Mafia http://www.mafiabags.com
Strap a board to your feet, a harness to your waist and let the combined powers of wind and water take you on an amazing journey - this is Kiteboarding. While certainly a niche sport in the US - you do need a large body of water and a good amount wind - Kiteboarding has a very passionate and loyal crowd of participants, fans and followers, and the direct connection of their sport to nature is not lost on any of them

Two of those are former pro-Kiteboarders Marcos and Maria De La Paz Mafia from Argentina. And they're turning used kiteboarding and sailboarding material into gear bags. The kites and sails are often extremely colorful an durable, so the material translates really well into all sorts of bags and packs, each of which is totally unique. Mafia is a certified B Corps which shows their commitment goes much deeper than simply re-using old materials, as they hold themselves to high environmental and social standards through the entire fabric of their business.
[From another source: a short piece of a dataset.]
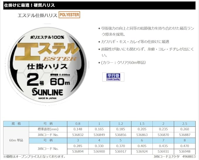 サンライン(SUNLINE) ハリス エステル仕掛ハリス ポリエステル 60m クリア
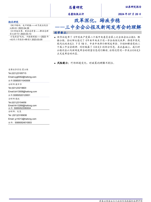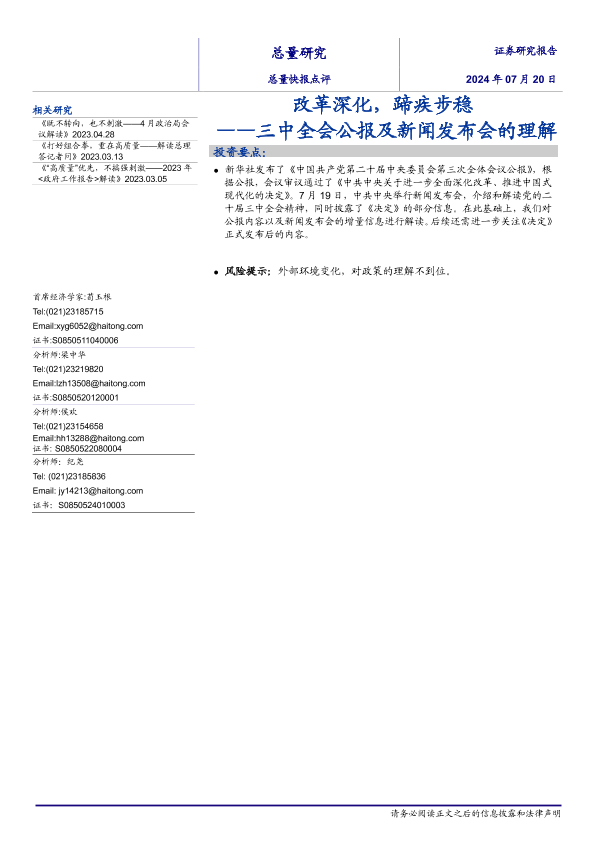 【海通证券】【20240720】三中全会公报及新闻发布会的理解:改革深化,蹄疾步稳-10页

Mafia Bags founders Marcos and Maria


Mafia bags upcycled kiteboarding kites and sails

Be Packs http://www.bepacks.org
Taking a slight turn from the Upcycling trend, I also came across bag/pack brand Be Packs that has taken the essence of the "buy one give one" model and focused their efforts on education. Recognizing the impact of education in changing the dynamics of poverty, health and gender equality in developing nations, Be Packs donates $10 from the sale of every pack to sponsoring childhood education in Zambia. "For every 20 bags sold we are able to provide 1 child with an additional year of education, one meal a day for an entire year, and their required school uniform for the year." Simple math, big impact.

What also makes the Be Packs super unique is the handwritten "hope patch" sewed inside each pack, containing a message written by a child in Zambia - an awesome way to deliver a true personal connection to the impact each purchase makes.


Be Packs supporting education in Zambia


Be Packs supporting education in Zambia


Be Packs handwritten Hope Patch

While it seems a logical fit to tie environmental causes to sports that rely so much on the outdoors, there needs to be an authentic commitment from the people behind it. The leaders of these brands have all done a great job of walking their talk, helping to reduce trash & emissions, and finding unique ways to lift up communities through jobs & education. Rather than capitalizing on a trend just to sell more stuff, I see a genuine thread here with brands that realize the things we buy can and do have an impact, on people, planet and profit.